KF Shkupi (, ) is a professional football club based in Čair, Skopje, North Macedonia. The club plays in the Macedonian First Football League, which is the top tier of football in the country.

History

After financial issues with main sponsor Jugomagnat, Sloga went through an unstable period. In 2012, Sloga was merged with FC Albarsa to form FK Shkupi. However, the Football Federation of Macedonia does not consider Shkupi to be successors to the original Sloga Jugomagnat for political reasons as the FFM allowed a merging between Vardar, the most popular club among ethnic Macedonians and Miravci with Vardar avoiding relegation and keeping its previous trophies and accolades. Despite the FFM not recognising Shkupi's track records and honours as Sloga, Sloga's official support firm, previous players and management, recognize Shkupi as its successor.

After finishing Macedonian First league in the fourth place in the 2017–18 season, Shkupi played in the Europa League qualifiers for the first time.
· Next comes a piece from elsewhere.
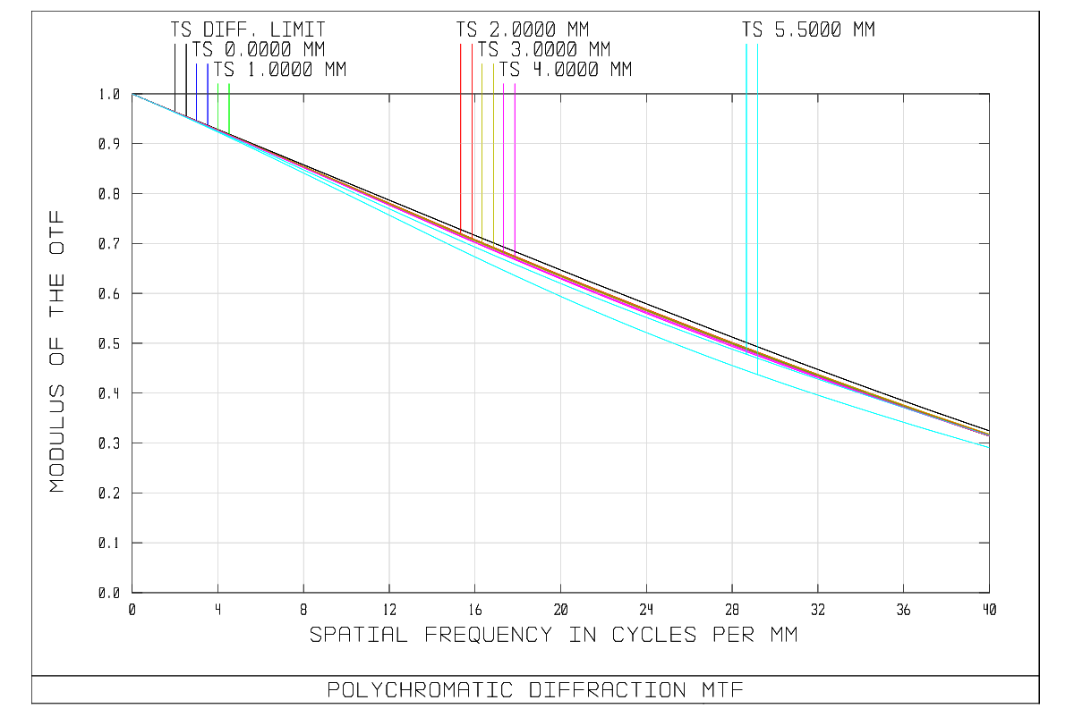 | 8 | Resolution/MTF @F24 | >30%@40lp/mm | |
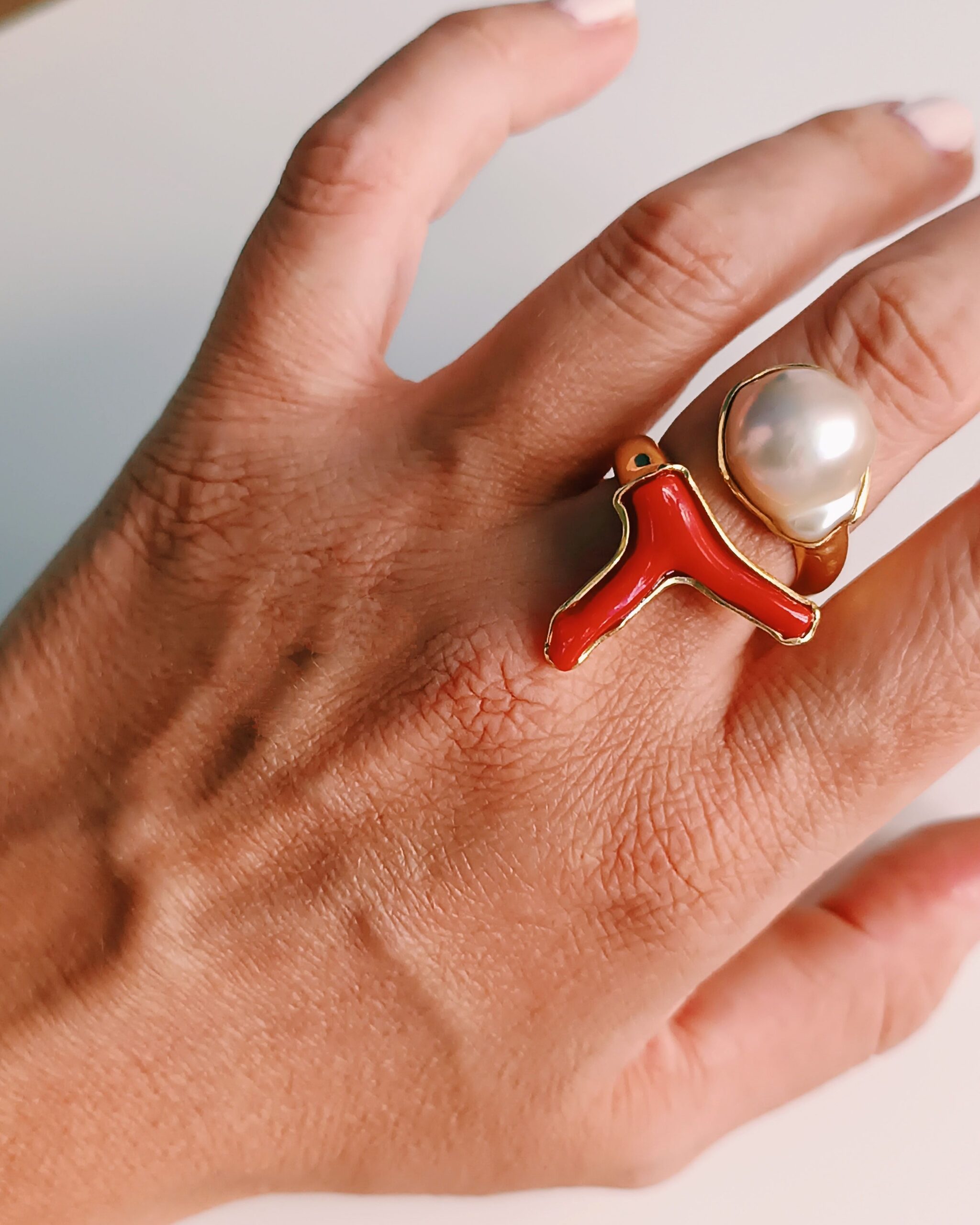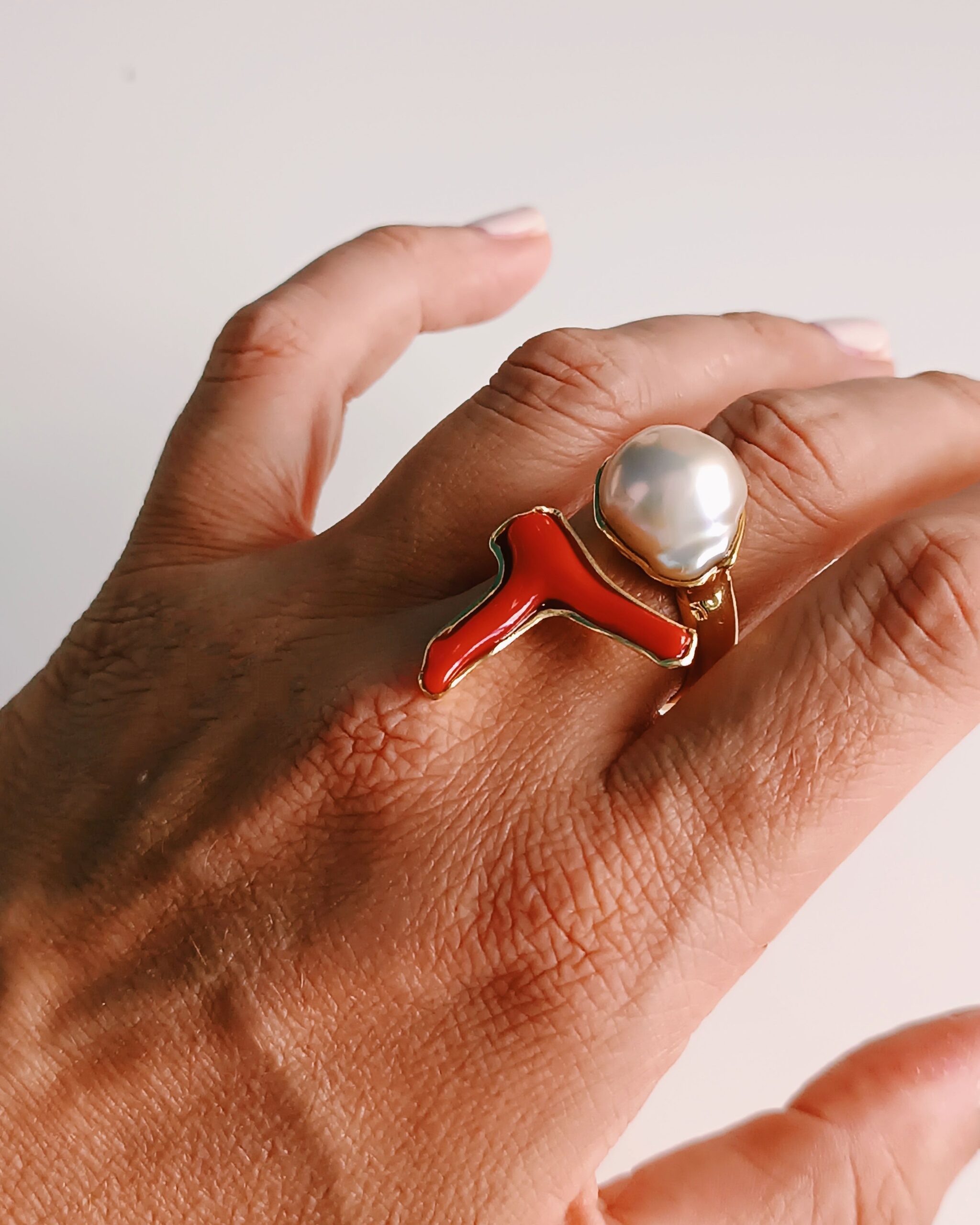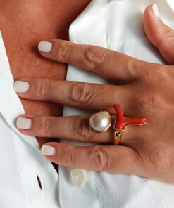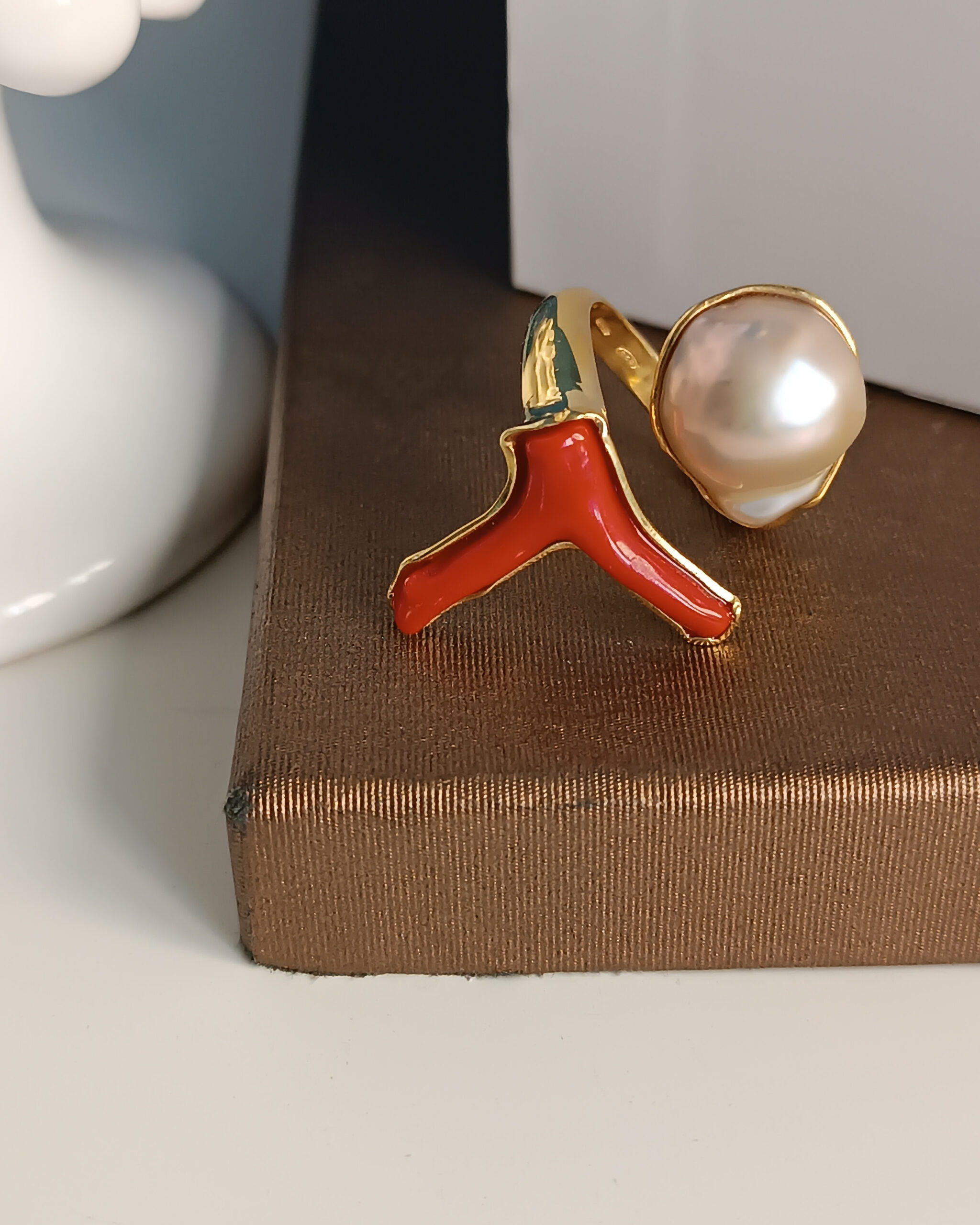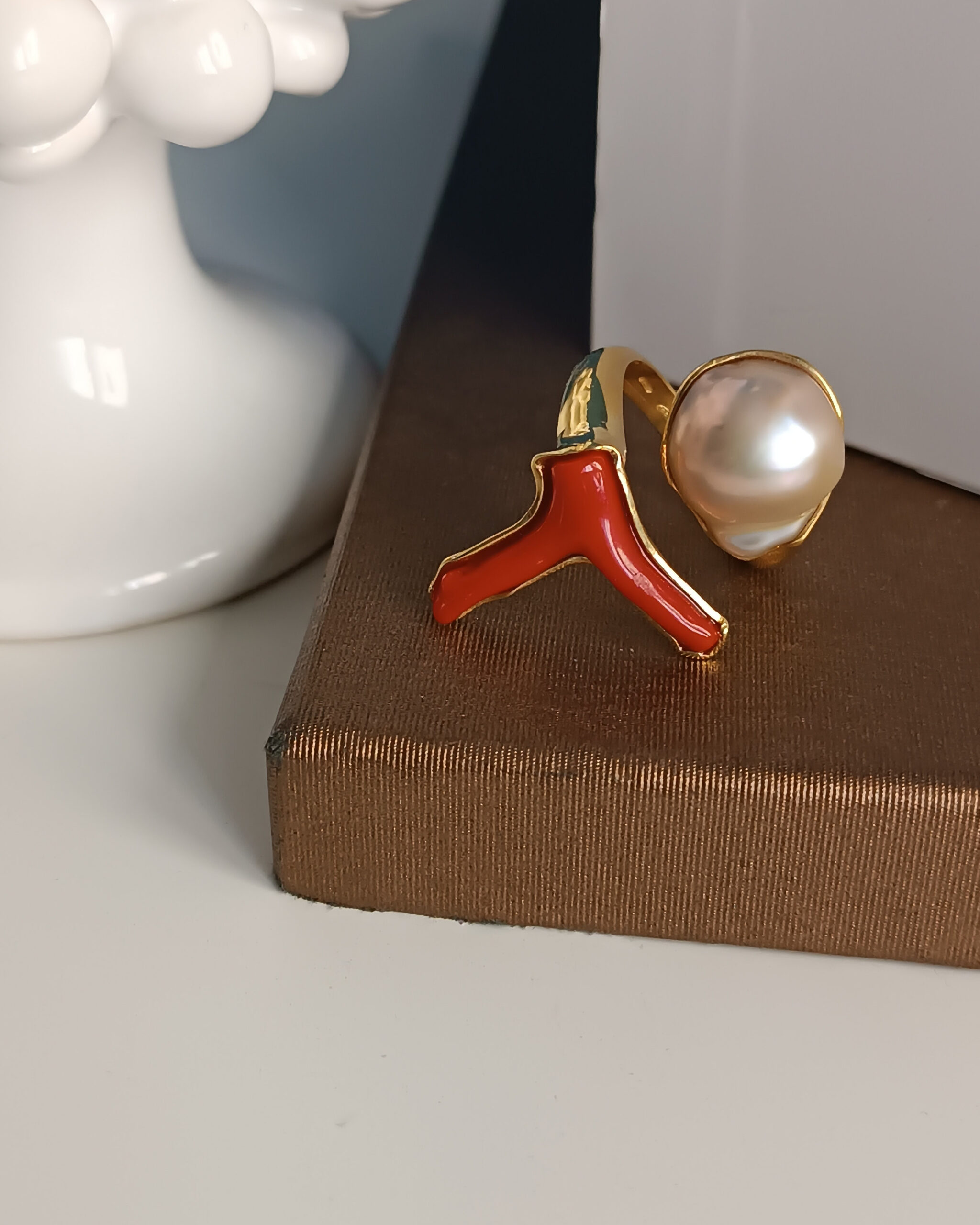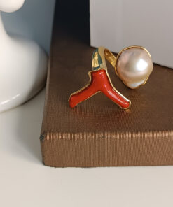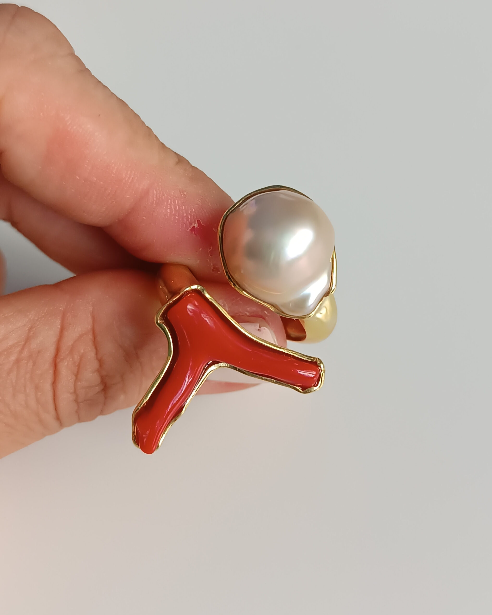Anello in Argento 925 Placcato Oro con Perla di Fiume e Ramo di Corallo

In the 2021–22 season the club were crowned the champion of country for the first time in its history.

Supporters
The team's supporters are the Shvercerat which were officially established in 1989 in Čair in Skopje. Shvercerat is Albanian for "Smugglers". Shvercerat were also the same supporters of the predecessor club Sloga Jugomagnat, before the merger to the current club Shkupi. Similarly to Shkëndija, FK Shkupi is an Albanian oriented club, with the supporters being Albanian and also part of the Tifozat Kuq e Zi, an ultras group that supports Albania in international football. Nationalist Albanian rhetoric is often a part of the chanting in league games, although comparing in level of popularity, Shkupi has not matched with Shkëndija.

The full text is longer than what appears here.